Task to carry out =>
Write out only the lines from the start of the entries up to and including the line with "- Ищем подраздел"; please skip the pictures.

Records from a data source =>
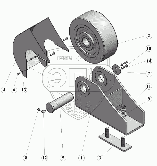 Каталог запасных частей к технике: ПАО "ТЗА" Автобетоносмеситель 58149Z. Ролик в сборе
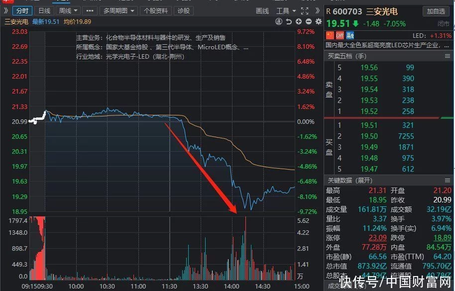 继千亿医美大白马爱美客闪崩后,今日又一白马股三安光电股价跳水,全天跌幅7.05%,盘中一度接近跌停。值得注意的是,从2022年9月15日至今日,三安光电已经4连跌,累计跌幅超18%。
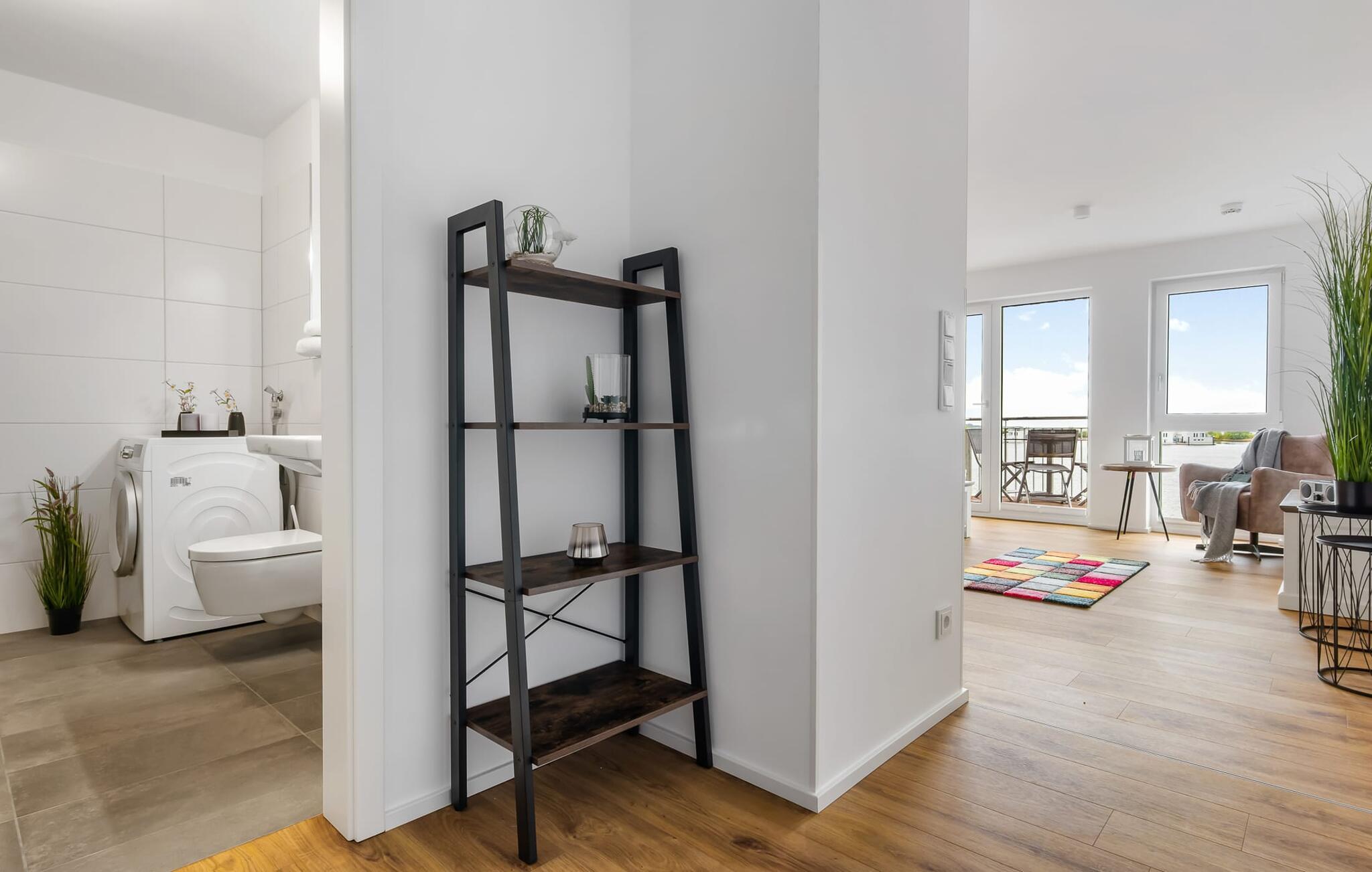 Die lichtdurchflutete Wohlfühloase mit bodentiefer Fensterfront und Balkon bietet ein wunderbares Hafenkino mit Blick auf die schwimmenden Häuser, den Ostseefjord Schlei mit vorbeifahrenden Segelschiffen und den Leuchtturm von Schleimünde. Macht es euch auf dem Balkon gemütlich und beobachtet die vorbeifahrenden Segelschiffe in Begleitung der farbenfrohen Abendsonne oder nutzt bei Schmuddelwetter die Sofaecke im Wohnbereich, sodass die Fußbodenheizung euch wärmen kann.
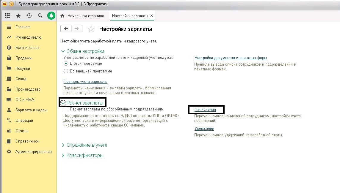 - Ищем подраздел «Настройка зарплаты», расположенный в меню «Зарплата и кадры».
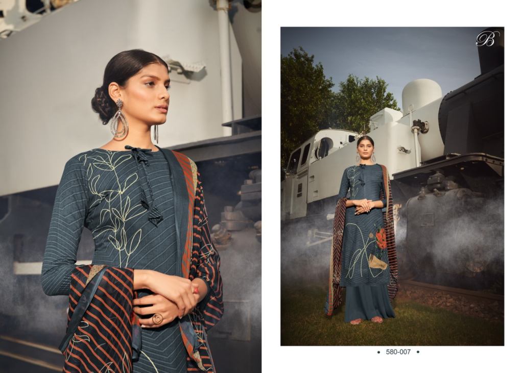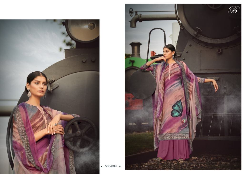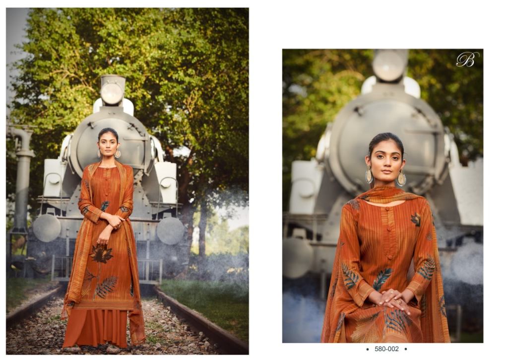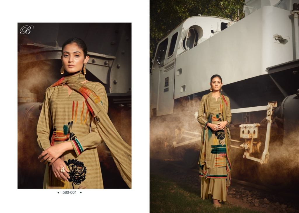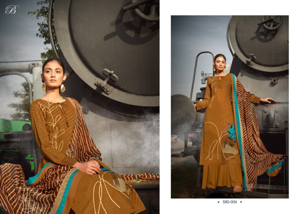 Belliza Ruhani vol 4 Premium Woollen Winter Wear Pashmina Catalog, this catalog fabric is 100% Pure Pashmina with Digital Style Prints (2.50 mtrs) | Dupatta: 100% Pure Pashmina Shawl with 4 side lace (2.30 mtr) | Bottom: Pure Pashmina Spun (3 mtrs).

Your response =>
 Каталог запасных частей к технике: ПАО "ТЗА" Автобетоносмеситель 58149Z. Ролик в сборе
 继千亿医美大白马爱美客闪崩后,今日又一白马股三安光电股价跳水,全天跌幅7.05%,盘中一度接近跌停。值得注意的是,从2022年9月15日至今日,三安光电已经4连跌,累计跌幅超18%。
 Die lichtdurchflutete Wohlfühloase mit bodentiefer Fensterfront und Balkon bietet ein wunderbares Hafenkino mit Blick auf die schwimmenden Häuser, den Ostseefjord Schlei mit vorbeifahrenden Segelschiffen und den Leuchtturm von Schleimünde. Macht es euch auf dem Balkon gemütlich und beobachtet die vorbeifahrenden Segelschiffe in Begleitung der farbenfrohen Abendsonne oder nutzt bei Schmuddelwetter die Sofaecke im Wohnbereich, sodass die Fußbodenheizung euch wärmen kann.
 - Ищем подраздел «Настройка зарплаты», расположенный в меню «Зарплата и кадры».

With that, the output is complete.